Digitalisation has become a global mega trend which is revolutionizing business, services and societal structures. Technology and data are enabling the creation of new value and streamlining work. In Aerostructures, digitalisation has been initiated through internal processes. The greatest effort has been made in the transition to paperless production, which required several years’ work. Production Manager Veli-Erkki Ruotsalainen is satisfied with the progress made in the project, which is nearing its end.

“As a result of this project, all production processes will be performed electronically. We will finally be free of paperwork,” he says.

During the project, which began in 2015, a dedicated factory network was built for Aerostructures, through which information is stored electronically and easily transferred from one computer to another. Investments have also been made in intelligent data management software solutions, implemented in a cost-effective manner by using Finnish sectoral expertise.

“The benefits of a digitalised working environment are highlighted in a production project in which, say, 10,000 units of certain parts are produced each year. Under the old system, a pile of printouts was needed for each part and they had to methodically transferred from design through to production and archiving. Now, everything can be done with a few clicks,” says Ruotsalainen.

Information is seamlessly transferred from machines to people

Production is subject to obligations such as the collection of accurate measurement data and process results. Electronic documentation is a significant step forward in terms of the availability of data stored at different stages of production. Easily accessible data can be utilised more effectively in support of process management.
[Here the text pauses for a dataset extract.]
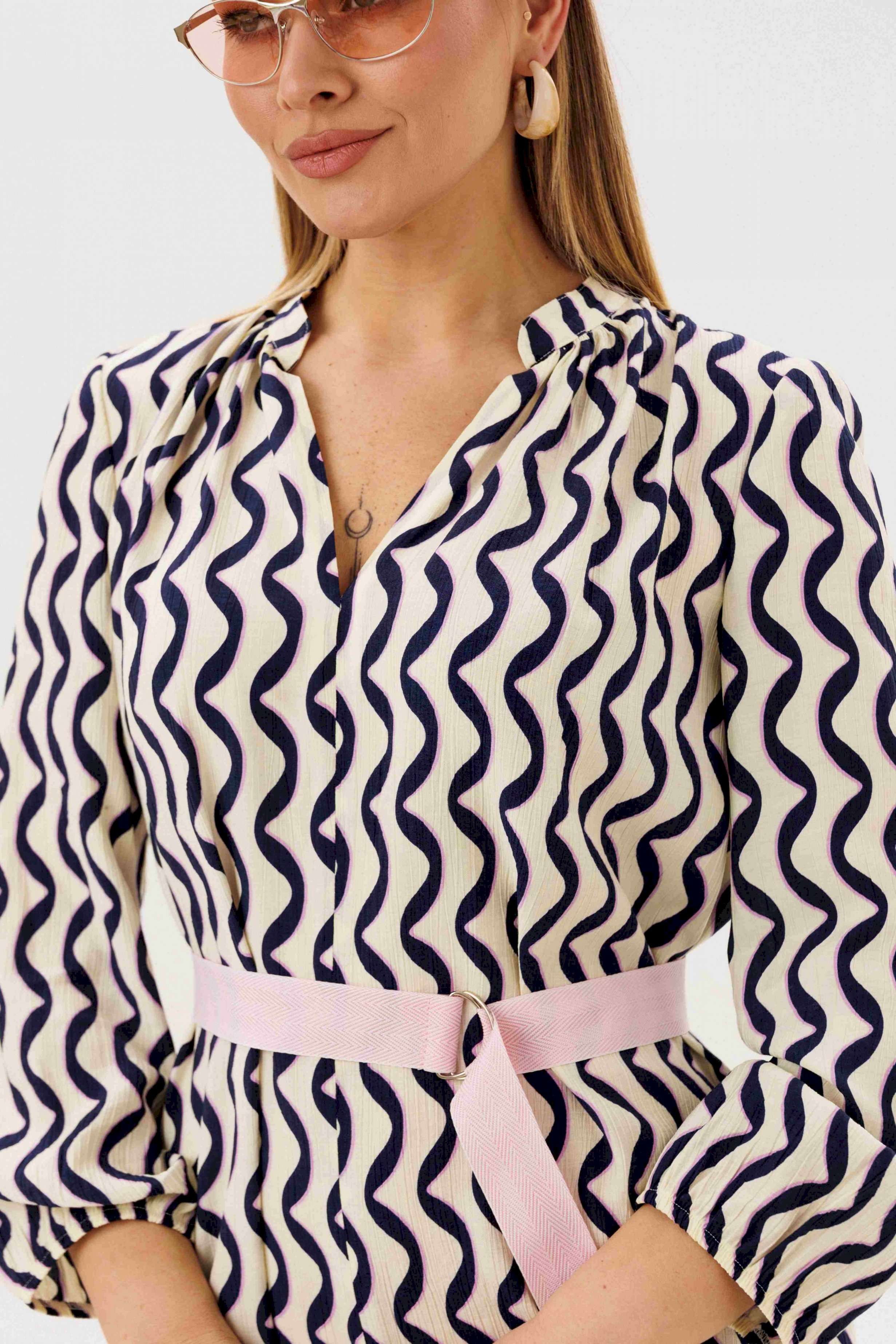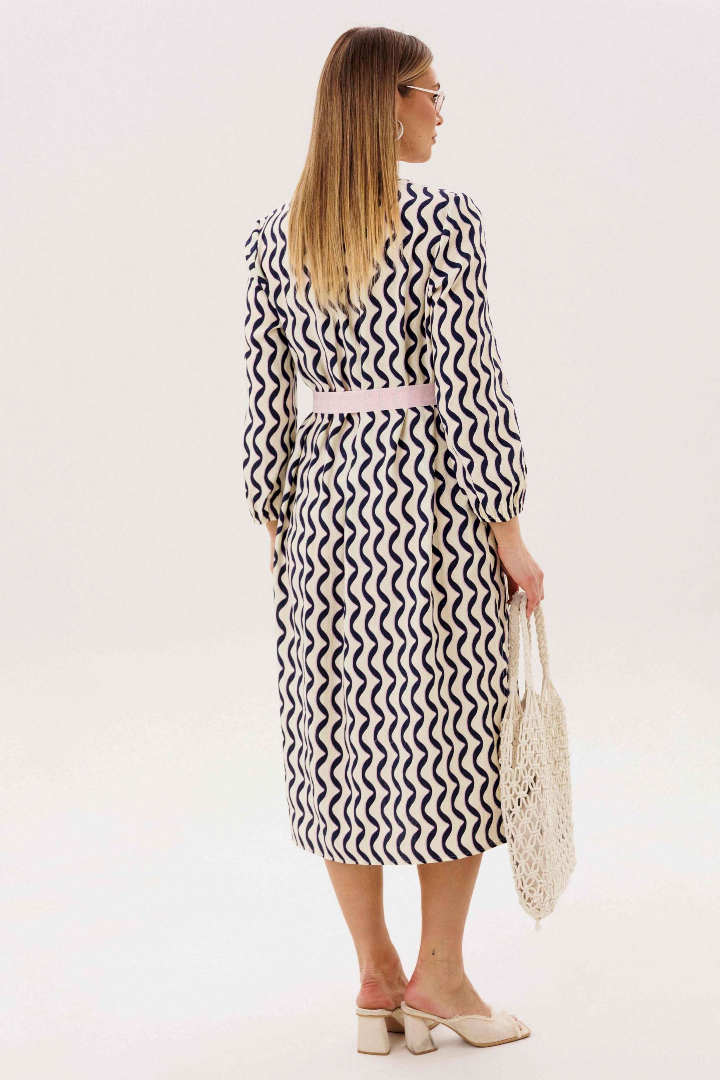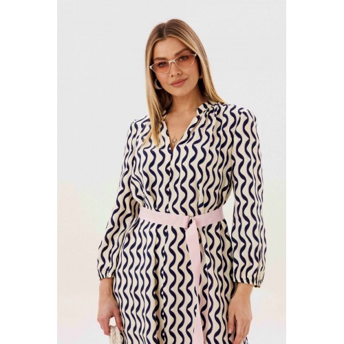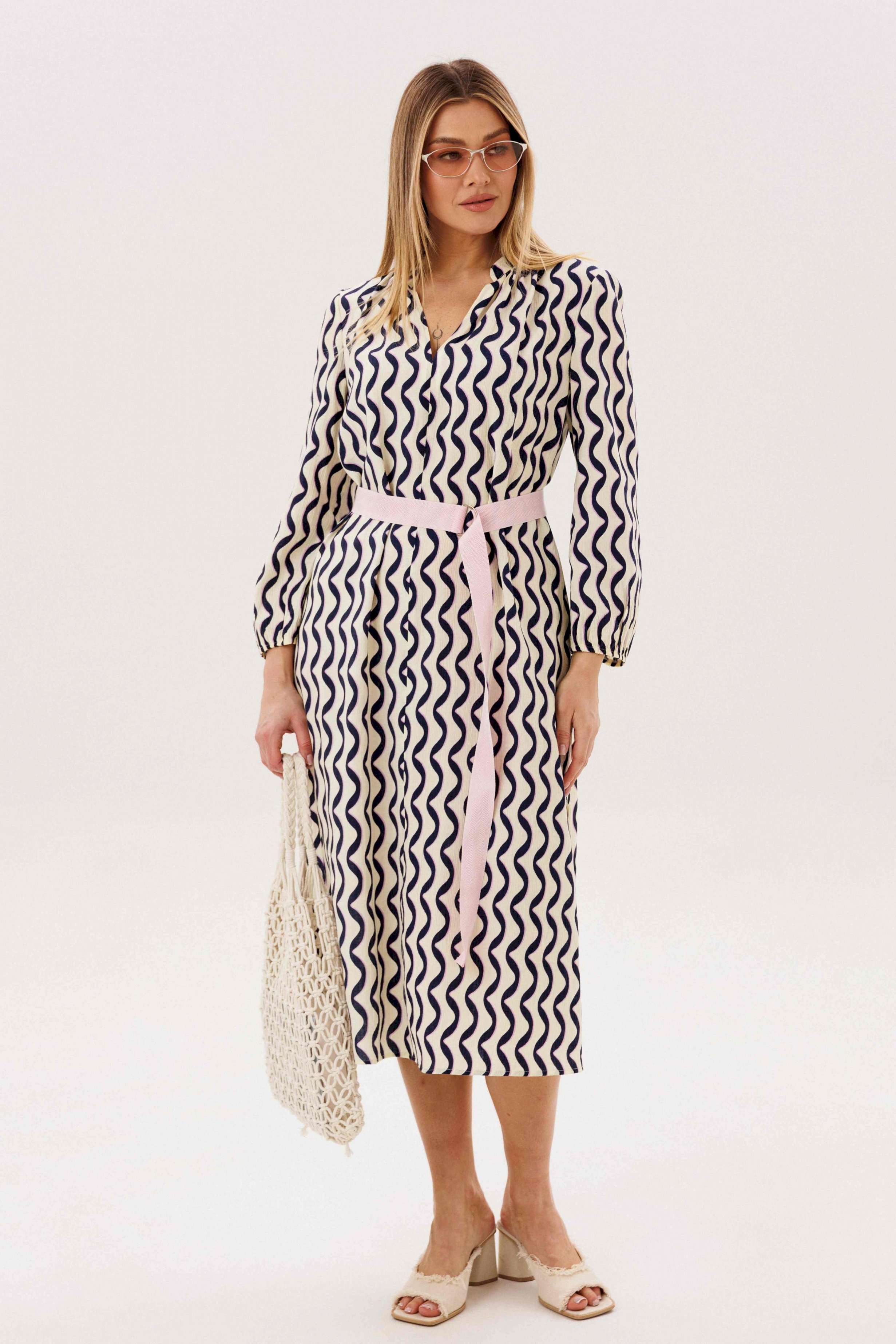Лёгкое и стильное платье А-силуэта выполнено из вискозного полотна с эффектом крэш, что придаёт изделию выразительную фактуру и обеспечивает комфорт в носке. Модель украшена актуальным графичным принтом, который делает образ современным и динамичным. Платье имеет частичную застёжку в верхней части полочки, что добавляет удобства и функциональности. Воротник-стойка формирует аккуратную линию горловины, а лёгкая сборка по шву втачивания воротника в области полочки и по центру спинки придаёт мягкий объём и женственность силуэту. А-силуэт красиво садится по фигуре, обеспечивая свободу движения и визуальную лёгкость. Съёмный пояс из контрастной ременной тесьмы позволяет подчеркнуть талию и варьировать образ — от свободного до более структурированного. Идеальный вариант для повседневных, летних и городских образов.

“Looking to the future, we have a digital platform that will enable us to add new features. They may relate to the production of additional information for employees and the utilization of data from production machinery. For example, sensors may automatically monitor and record the temperature and humidity of the painting process,” ponders Ruotsalainen.

The move away from paper manuals, and the use of electronic data processing, are key factors in production processes requiring precision, which help to reduce human error and increase the time available for work, particularly in planning processes. Ruotsalainen emphasises that employees will not save working time right away, because feeding data into a computer or tablet is no faster than traditional writing. Electronically available information and new possibilities for its use will be of much more fundamental benefit.
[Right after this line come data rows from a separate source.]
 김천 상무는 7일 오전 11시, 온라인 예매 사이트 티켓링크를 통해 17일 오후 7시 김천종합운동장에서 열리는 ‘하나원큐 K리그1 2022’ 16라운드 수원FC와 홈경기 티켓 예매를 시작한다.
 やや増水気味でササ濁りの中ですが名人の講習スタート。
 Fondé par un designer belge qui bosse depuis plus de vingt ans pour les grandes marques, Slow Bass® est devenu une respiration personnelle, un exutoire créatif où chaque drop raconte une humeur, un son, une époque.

Computer algorithm checks and considers inventory levels

In addition to paperless production, Aerostructures has digitalized almost all office staff processes from invoice approval to work independent of place and time. In turn, computer algorithms have been harnessed for NDT machine inspections. Algorithms can check around five times more products than previous methods took in the same timespan. So this is about a huge efficiency gain.

“The purpose of computer algorithm is to benefit from ERP. This is done by providing the algorithm with information on demand for the product and the desired inventory levels. It can create a precise production plan on the basis of these and other source data,” says Ruotsalainen.
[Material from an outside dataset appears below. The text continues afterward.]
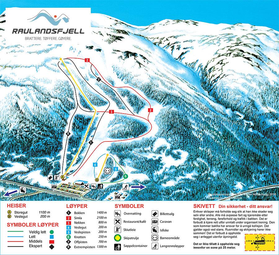 Raulandsfjell Alpinsenter is a ski resort in Vinje, Telemark, Norway, offering 12 ski lifts and six slopes with varying lengths and difficulties. The resort has a height difference of 365 meters and is suitable for all skill levels. It features a sauna, fitness center, and ski-in/ski-out access, making it a great destination for winter sports enthusiasts.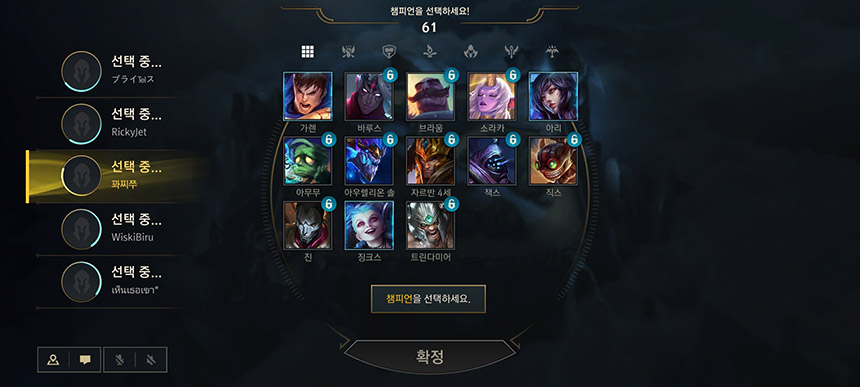 챔피언을 선택하는 화면은 PC 버전과 크게 다르지 않은 편입니다. 그리고 챔피언의 숫자는 컴퓨터 게임과 완벽하게 동일하게 맞추지는 않겠지만 지속해서 추가된다고 합니다.

Digitalization has made rapid progress in technological terms. Despite this and the challenging situations they confronted, staff have approached the issue patiently. This change has impacted on almost all processes, and digitalisation has had some unexpected consequences. The accuracy of design data has improved to the extent that digital processes work as expected. In addition to harnessing the new technology, the key issue is to increase understanding of the transformation underway and to become better prepared to benefit from the digital environment.

“Fostering staff competencies is at least as important as introducing new technology,” explains Veli-Erkki Ruotsalainen.